Kathmandu, Apr. 11
Minister for Foreign
Affairs Shisir Khanal has said that the Indian Ocean is
central to global trade and energy flows and its stability is a global
responsibility.
Speaking at the 9th Indian Ocean Conference
ongoing in Port Louis of Mauritius he said the consequences of the conflicts in
West Asia extended far beyond the region – affecting fuel prices, supply
chains, and livelihood back home.
"These disruptions remind us that the
stability of the Indian Ocean is inseparable from global peace," said FM
Khanal.
According to him, one cannot ignore the
conflicts unfolding in West Asia. For Nepal, these are not distant events.
Millions of Nepali citizens live and work in the region, and their safety
remains our foremost concern.
He reaffirmed Nepal's commitment to the
foundational framework for the law of the sea.
"We emphasize that landlocked nations
possess inherent rights to access the high seas and to participate in the
maritime economy. These are not privileges granted by geography, but rights
enshrined in international law," he said.
Minister Khanal also called for a
rules-based international order where the rights of all nations, large and
small, are respected.
Climate change, maritime security threats,
disruptions to global supply chains, and widening inequalities demand not just
cooperation, but genuine collective stewardship. In view of the Government of
Nepal, stewardship means moving beyond narrow self-interest toward a shared
responsibility for our global commons, said the FM.
According to him, this requires inclusive,
transparent, and rules-based multilateral frameworks. The governance must be
equitable, ecological, and above all, inclusive of those who rely on the ocean
from the landlocked interior.
The Hindu Kush Himalaya region, serves as
the primary source of fresh water for billions of people. The glaciers and
snowfields of Nepal feed the great river systems that ultimately discharge into
the Indian Ocean. "Therefore, the health of the mountains and the health
of the ocean are inseparable," said FM Khanal.
Likewise, he said that climate change
has laid bare this interdependence in the most alarming ways.
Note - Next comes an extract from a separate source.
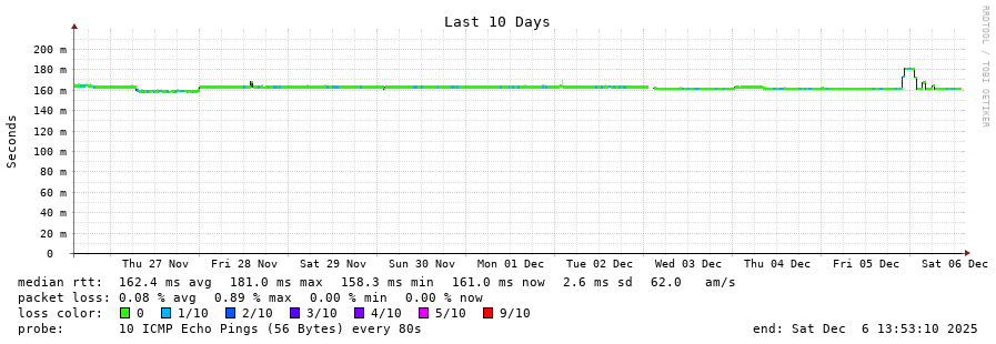 13 > de-cix.v4.telecomit.ro (80.81.195.242) [*] 151.600ms 150.616ms 150.648ms
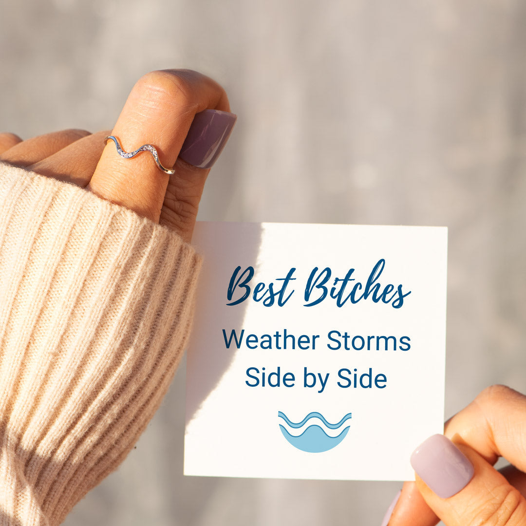 Wave goodbye to boring friendship jewelry with our Best Bitches Matching Minimalist Wave Rings! These sleek and stylish rings are the perfect way to show off your friendship in a unique and fun way. With a subtle wave design, these rings are sure to make a statement without being too flashy. Get matching rings for you and your bestie today!

As Nepal’s
glaciers retreat at unprecedented rates, people here face the imminent threat
of glacial lake outburst floods that endanger entire communities.
At the same time, the Indian Ocean is
warming faster than any other ocean, driving sea-level rise that threatens the
very existence of low-lying island states and coastal communities.
"What melts in the mountains
eventually rises in the seas. Nepal has been vocal about this nexus at the
United Nations and COP summits," the Minister said.
He called upon the Conference to formally
recognise this ecological bridge as a critical dimension of Indian Ocean
governance, and said, "Our stewardship must encompass both the peaks and
the waters, for they rise and fall together."
Published in The Rising Nepal daily on 12 April 2026.